3D-Speaker is an open-source toolkit for single- and multi-modal speaker verification, speaker recognition, and speaker diarization.

Project description

Introduction

This package is derived from https://github.com/modelscope/3D-Speaker, the core of the project folder speakerlab is not a standard package, this project will speakerlab separately packaged and distributed.



license

3D-Speaker is an open-source toolkit for single- and multi-modal speaker verification, speaker recognition, and speaker diarization.

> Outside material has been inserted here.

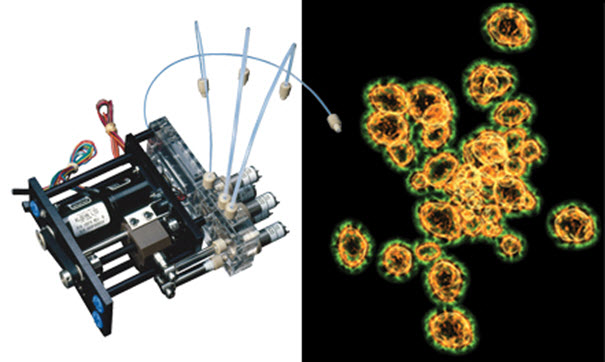 The manufacturer of a device to analyze air contaminants needed a fluid transfer system to dispense samples in a liquid carrier onto an identification card. Their combination of tubing, valves and pumps from different suppliers was too large for the instrument and too imprecise to control the sub-micro liter fluid volumes required.

All pretrained models are accessible on ModelScope. Furthermore, we present a large-scale speech corpus also called 3D-Speaker-Dataset to facilitate the research of speech representation disentanglement.

Benchmark

The EER results on VoxCeleb, CNCeleb and 3D-Speaker datasets for fully-supervised speaker verification.

Model Params VoxCeleb1-O CNCeleb 3D-Speaker
Res2Net 4.03 M 1.56% 7.96% 8.03%
ResNet34 6.34 M 1.05% 6.92% 7.29%
ECAPA-TDNN 20.8 M 0.86% 8.01% 8.87%
ERes2Net-base 6.61 M 0.84% 6.69% 7.21%
CAM++ 7.2 M 0.65% 6.78% 7.75%
ERes2NetV2 17.8M 0.61% 6.14% 6.52%
ERes2Net-large 22.46 M 0.52% 6.17% 6.34%

The DER results on public and internal multi-speaker datasets for speaker diarization.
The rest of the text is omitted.